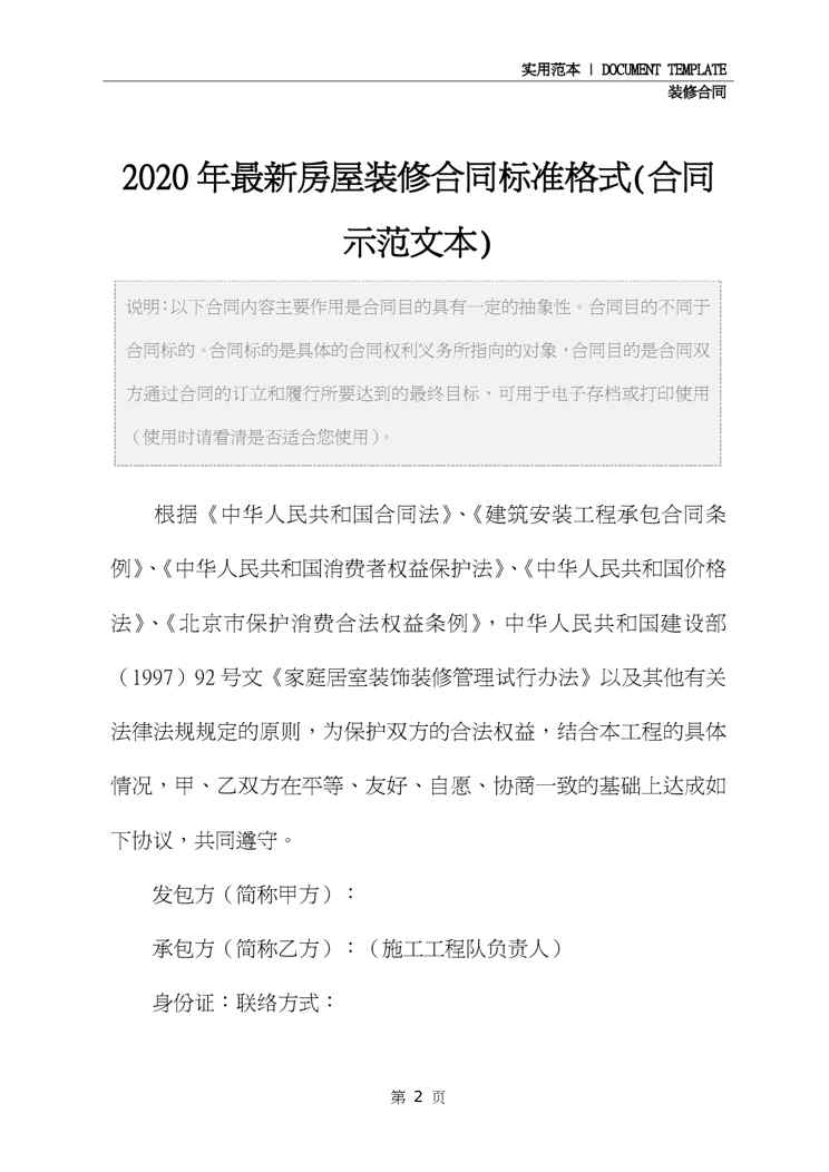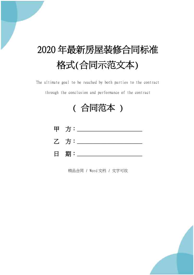 本站资深用户发布了最新的《2020年最新房屋装修合同标准格式(合同示范文本)》文档,以下内容为预览,详细内容可下载阅读。 声明:本站所有文章,如无特殊说明或标注,均为本站原创发布。任何个人或组织,在未征得本站同意时,禁止复制、盗用、采集、发布本站内容到任何网站、书籍等各类媒体平台。如若本站内容侵犯了原著者的合法权益,可联系我们进行处理。
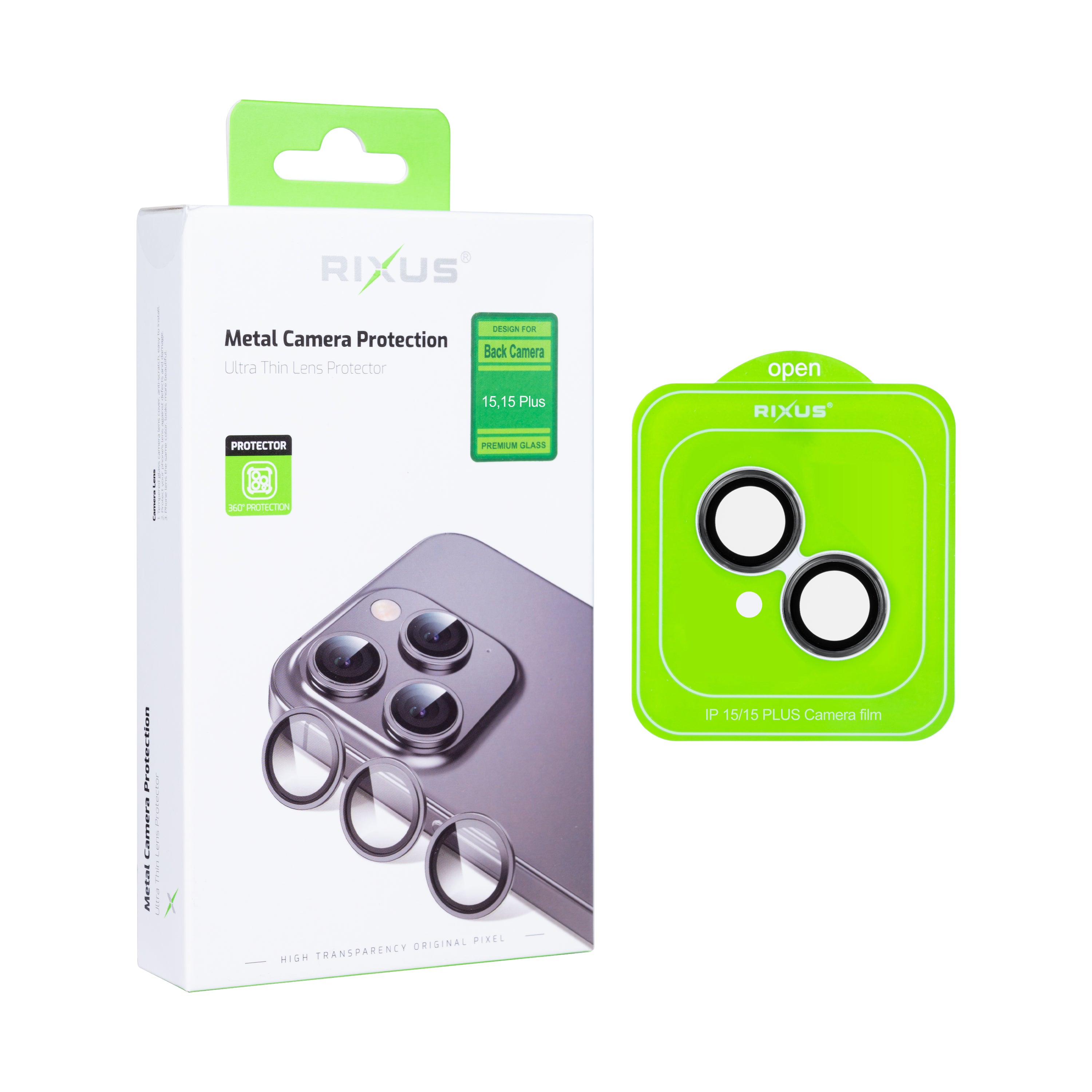Rixus For iPhone 15, 15 Plus Metal Shield Camera Tempered Glass Black
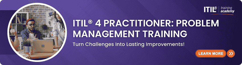 ITIL® Problem Management is integral in helping organisations move beyond the temporary fixes and address the root cause of recurring IT issues. Focusing on why problems occur supports implementing effective solutions for building long-term growth, service stability, and improving IT service performance.
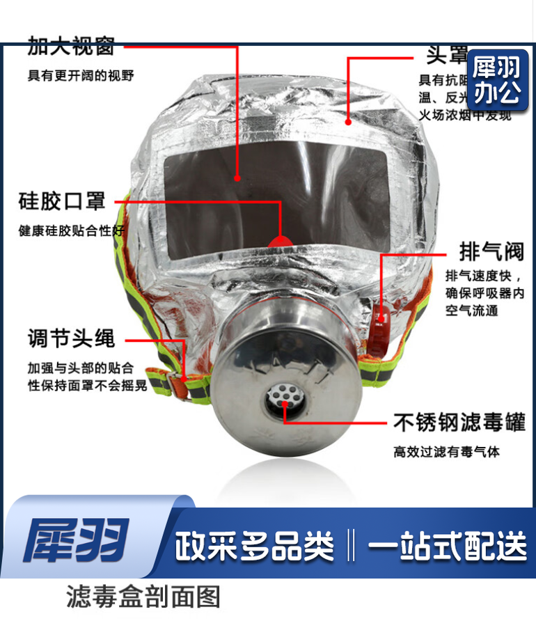 TZL30型 消防面罩 逃生面罩 火灾防烟防毒面具 过滤式自救呼吸器 成人款1个/盒
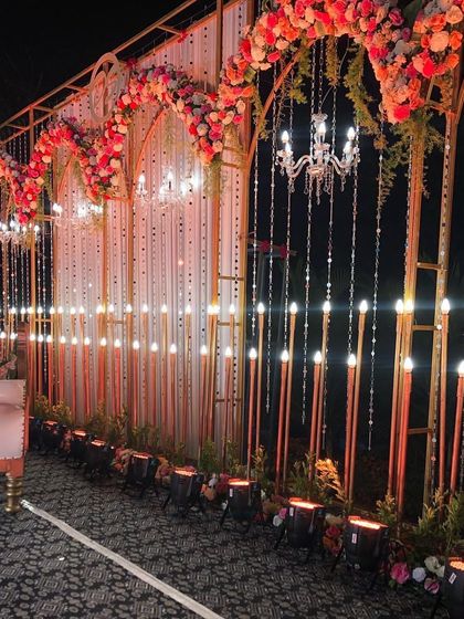 This is the heart of your celebration, from the sacred vows at the vidhi mandap to the grand reception stage. We create beautiful backdrops for your most important moments, focusing on both traditional designs and modern aesthetics.
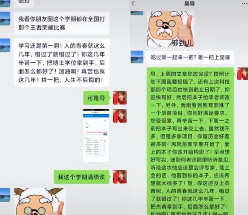 导师因为看到她在朋友圈经常发关于游戏的东西,便害怕她耽误了学习,便教导她一下,没有想到她拿出了满绩的成绩单,直接打了导师的脸,导师表示,你还是带我上星耀吧。
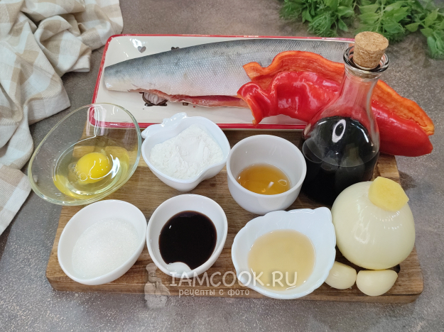 Соберите ингредиенты для приготовления красной рыбы в кисло-сладком соусе. Подойдет любая из лососевых, у меня была непотрошенная нерка, я ее помыла, удалила внутренности, голову (хотя китайцы бы голову точно оставили) и хвост.
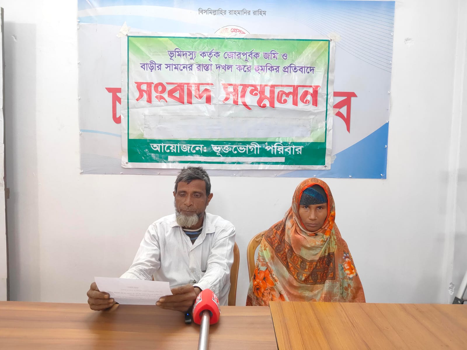সংবাদ সম্মেলনে আশরাফুল হক জানান, মামলায় বিবাদীগনের সাথে জমি নিয়ে বিরোধ দীর্ঘদিনের। উল্লেখিত জমির আর.এস দাগ নং ১৩১৯,১৩৪৭,১৩৪৮,১৩৪৯ এর মধ্যে প্রায় দশমিক ২২৯৪ একর জমিজমা নিয়ে শামসুজ্জোহা, সজীব সহ তাদের ভূমি দস্য বাহিনী বিরোধ সৃষ্টি করলে গত ৩১ অক্টোবর ২০২৩ তারিখ আদালতে বাটোয়ারা মামলা করা হয়। এতে ক্ষুব্ধ হয়ে উঠেন অপরপক্ষ শামসুজোহা সহ তার দলবল। পরবর্তীতে আশরাফুল হকের পরিবারসহ তারা বাড়ি ছেড়ে নিজেদের আত্মীয় স্বজনদের বাসায় দিন কাটিয়েছেন। এ ঘটনায় তারা থানায় মামলা করলেও পুলিশ মামলা নেয়নি বলে দাবি করেন তারা। পরে তারা আদালতে মামলা করতে বাধ্য হন। এখনও আদালতে মামলা বিচারাধীন রয়েছে।
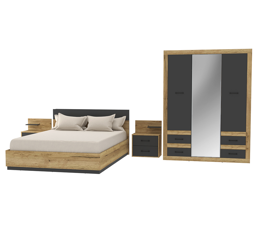 Спальня «Сканди» комплект 1, графит/дуб вотан (Мебель-Неман)
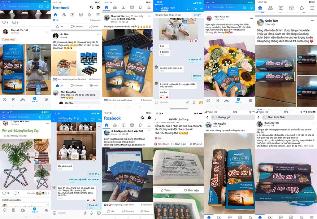 Biết ơn những con người đang ngày đêm đương đầu với cuộc chiến đầy hiểm nguy để bảo vệ sự an toàn cho đồng bào – đó là các y sĩ, bác sĩ, quân nhân, lực lượng vũ trang, lực lượng tình nguyện… nơi tuyến đầu chống dịch – Trong suốt tháng 3, tháng 4/2020, toàn thể nhân viên Công ty Socola Belcholat đã không quản ngại trong lúc dịch bệnh đang bùng phát cao điểm để sản xuất và vận chuyển 20.000 thanh socola (tương đương hơn 1 tấn socola) mang tên “Socola Cảm Ơn”, gửi đến các bệnh viện tuyến đầu, các điểm cách ly, các đồn biên phòng, … Mỗi thanh Socola là một lời CẢM ƠN từ tận đáy lòng của những thành viên Công ty Sô cô la Belcholat gửi đến các chiến sỹ đang tham gia cuộc chiến đầy cam go này.
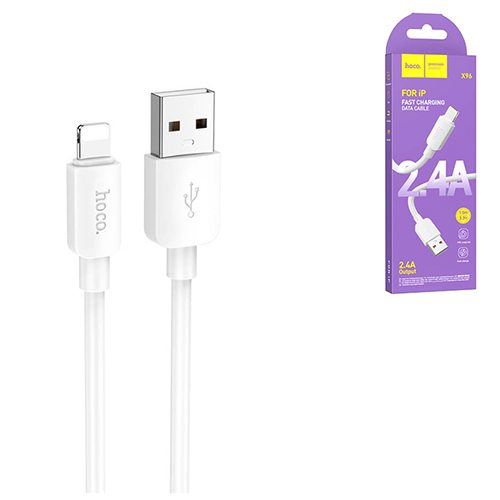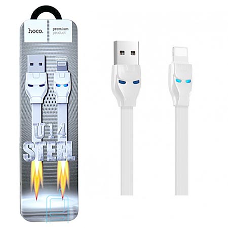Кабель сетевой USB - Lightning " Hoco " U14 Steel man белый, плоский, 1,2м, 2,4А, силикон, металлическая коробка
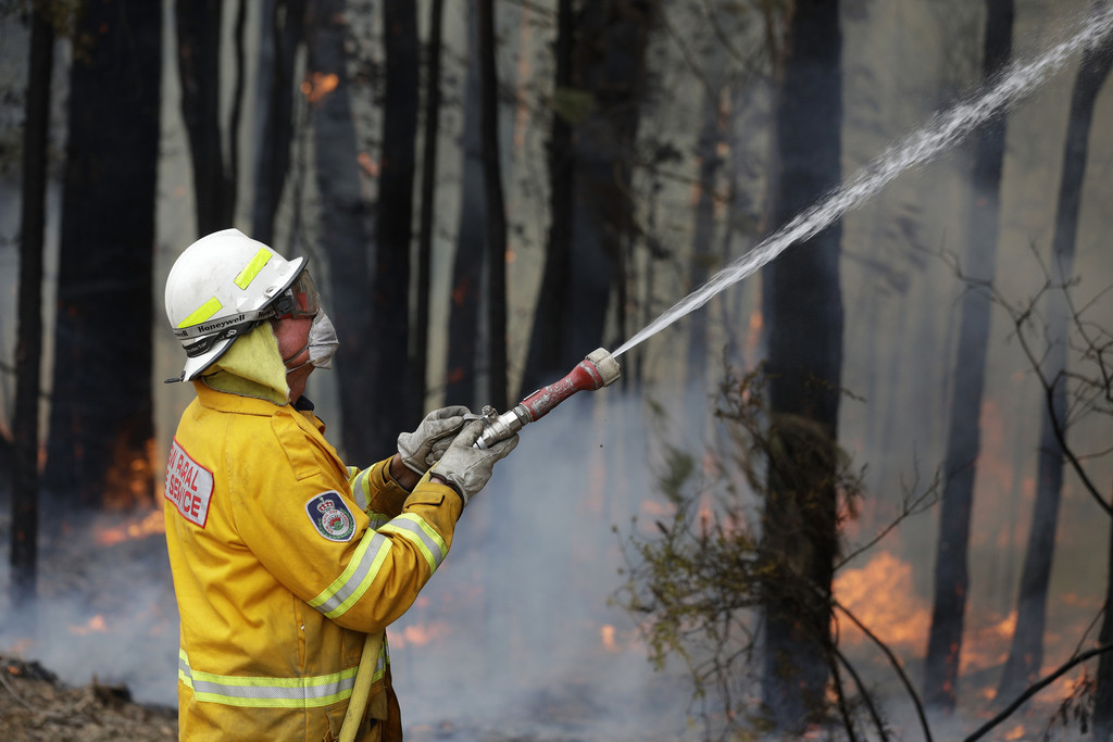 ▲澳洲新南威爾斯州一名消防員在火場灑水灌救。(圖/達志影像/美聯社)
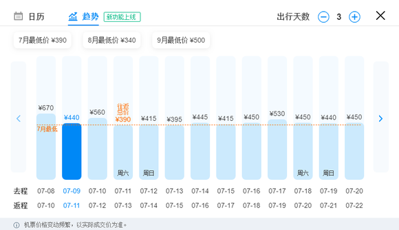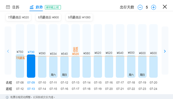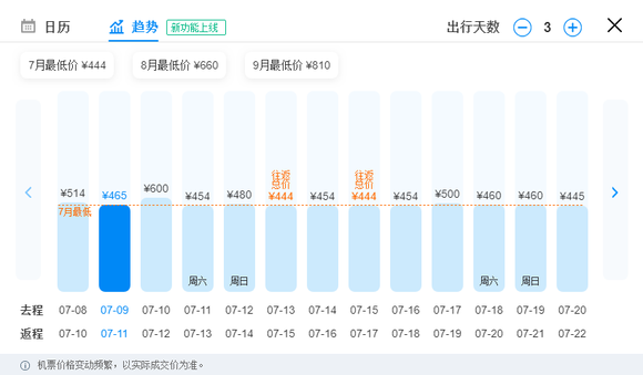 从价格走势来看,7月份是机票的价格低洼月份,这个时候出行无疑是较优惠的选择,虽然8,9月的票价有逐渐上升的趋势,但相比较于亿年不打折的铁路来说还是挺划算的。
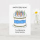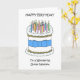 A simple illustration of a white birthday cake, decorated with lit candles on top and a blue bow tied arund it. The image is set against a white background and accompanied by the words 'Happy Birthday to a wonderful great nephew'.
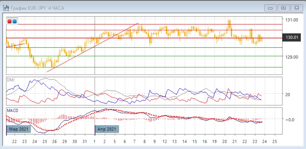 На четырёхчасовом графике пара вернулась ниже нижней границы канала 130,00-130,70. Постепенное снижение с 20 апреля продолжилось - относительные максимумы и минимумы сейчас снижаются. Закрепление пары ниже 130,00 облегчает дальнейшее движение. Уровень 130,00 выступает сейчас уже сопротивлением. Сейчас более вероятно, что снижение будет продолжаться.
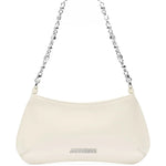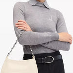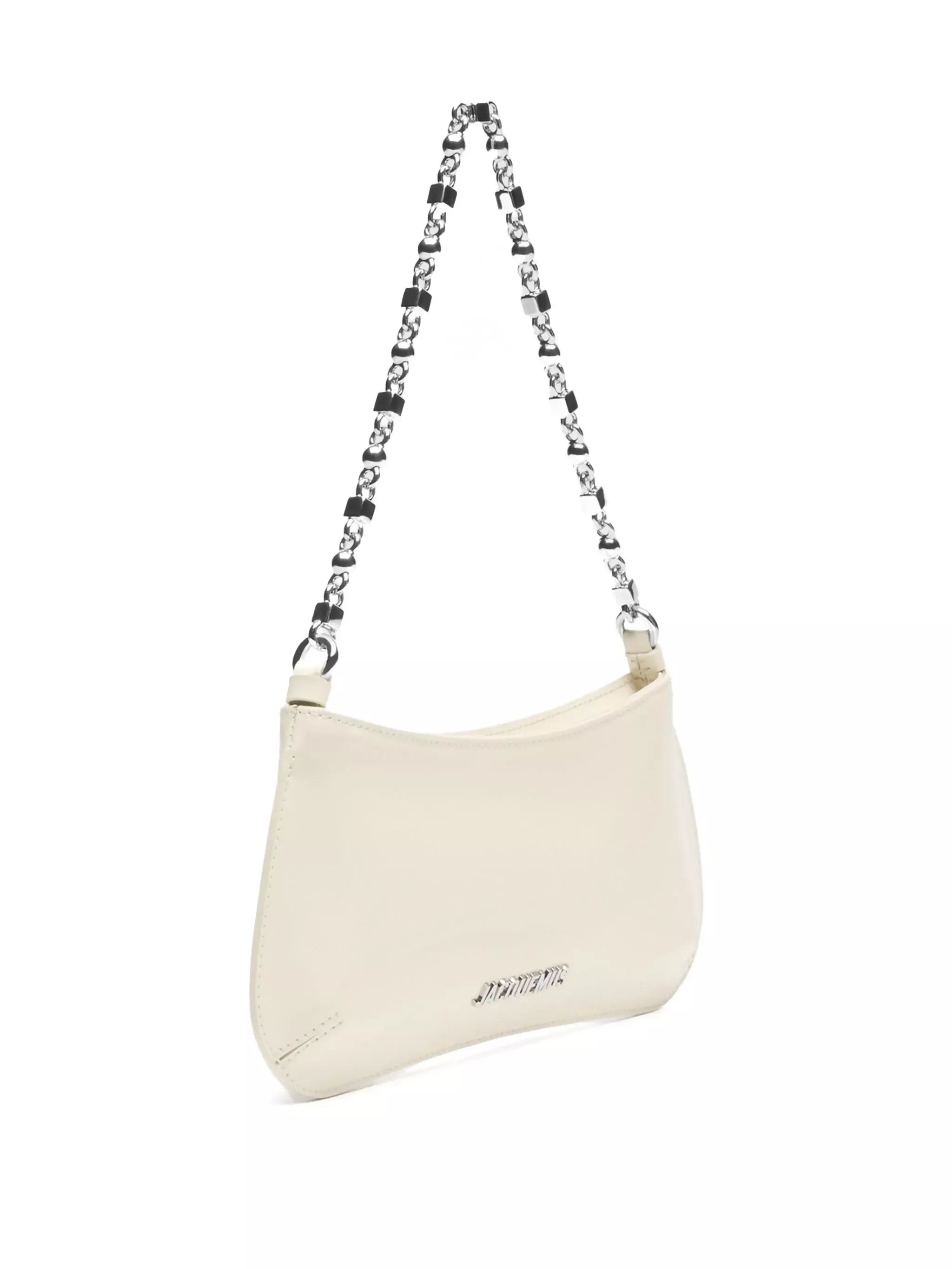 Crafted in light ivory calf leather, this piece features a secure top zip fastening and a refined chain-link shoulder strap. Finished with silver-tone logo lettering, it opens to a cotton-lined interior with a practical internal patch pocket.
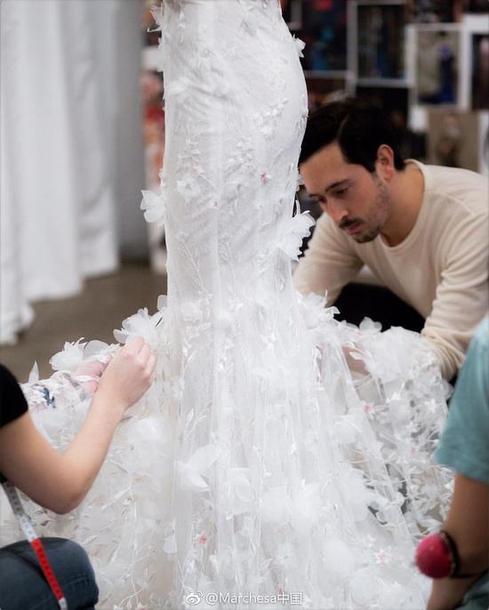 Marchesa Notte的礼服既性感又甜美,遍布粉色花瓣的裙身以及双层下摆的设计。这一身粉粉的搭配简直是少女心爆棚!
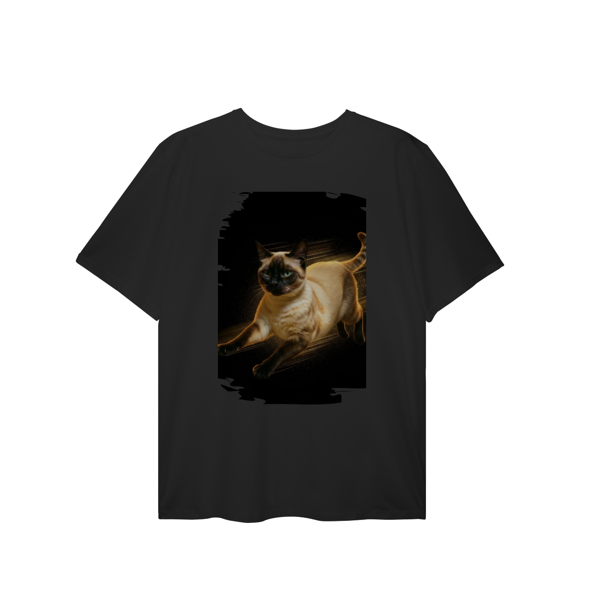 A arte transmite velocidade, atitude e elegância felina, perfeita para quem ama gatos ativos e estampas que passam a sensação de ação e liberdade.

^^^^

> _EXERCISE INSTRUCTIONS_
Pictures aside, return exactly the lines from the data above, starting at the line that has "导师因为看到她在朋友圈经常发" and ending at the line that has "A simple illustration", both included.

> _REPLY TO THE EXERCISE_
 导师因为看到她在朋友圈经常发关于游戏的东西,便害怕她耽误了学习,便教导她一下,没有想到她拿出了满绩的成绩单,直接打了导师的脸,导师表示,你还是带我上星耀吧。
 Соберите ингредиенты для приготовления красной рыбы в кисло-сладком соусе. Подойдет любая из лососевых, у меня была непотрошенная нерка, я ее помыла, удалила внутренности, голову (хотя китайцы бы голову точно оставили) и хвост.
সংবাদ সম্মেলনে আশরাফুল হক জানান, মামলায় বিবাদীগনের সাথে জমি নিয়ে বিরোধ দীর্ঘদিনের। উল্লেখিত জমির আর.এস দাগ নং ১৩১৯,১৩৪৭,১৩৪৮,১৩৪৯ এর মধ্যে প্রায় দশমিক ২২৯৪ একর জমিজমা নিয়ে শামসুজ্জোহা, সজীব সহ তাদের ভূমি দস্য বাহিনী বিরোধ সৃষ্টি করলে গত ৩১ অক্টোবর ২০২৩ তারিখ আদালতে বাটোয়ারা মামলা করা হয়। এতে ক্ষুব্ধ হয়ে উঠেন অপরপক্ষ শামসুজোহা সহ তার দলবল। পরবর্তীতে আশরাফুল হকের পরিবারসহ তারা বাড়ি ছেড়ে নিজেদের আত্মীয় স্বজনদের বাসায় দিন কাটিয়েছেন। এ ঘটনায় তারা থানায় মামলা করলেও পুলিশ মামলা নেয়নি বলে দাবি করেন তারা। পরে তারা আদালতে মামলা করতে বাধ্য হন। এখনও আদালতে মামলা বিচারাধীন রয়েছে।
 Спальня «Сканди» комплект 1, графит/дуб вотан (Мебель-Неман)
 Biết ơn những con người đang ngày đêm đương đầu với cuộc chiến đầy hiểm nguy để bảo vệ sự an toàn cho đồng bào – đó là các y sĩ, bác sĩ, quân nhân, lực lượng vũ trang, lực lượng tình nguyện… nơi tuyến đầu chống dịch – Trong suốt tháng 3, tháng 4/2020, toàn thể nhân viên Công ty Socola Belcholat đã không quản ngại trong lúc dịch bệnh đang bùng phát cao điểm để sản xuất và vận chuyển 20.000 thanh socola (tương đương hơn 1 tấn socola) mang tên “Socola Cảm Ơn”, gửi đến các bệnh viện tuyến đầu, các điểm cách ly, các đồn biên phòng, … Mỗi thanh Socola là một lời CẢM ƠN từ tận đáy lòng của những thành viên Công ty Sô cô la Belcholat gửi đến các chiến sỹ đang tham gia cuộc chiến đầy cam go này.
Кабель сетевой USB - Lightning " Hoco " U14 Steel man белый, плоский, 1,2м, 2,4А, силикон, металлическая коробка
 ▲澳洲新南威爾斯州一名消防員在火場灑水灌救。(圖/達志影像/美聯社)
 从价格走势来看,7月份是机票的价格低洼月份,这个时候出行无疑是较优惠的选择,虽然8,9月的票价有逐渐上升的趋势,但相比较于亿年不打折的铁路来说还是挺划算的。
 A simple illustration of a white birthday cake, decorated with lit candles on top and a blue bow tied arund it. The image is set against a white background and accompanied by the words 'Happy Birthday to a wonderful great nephew'.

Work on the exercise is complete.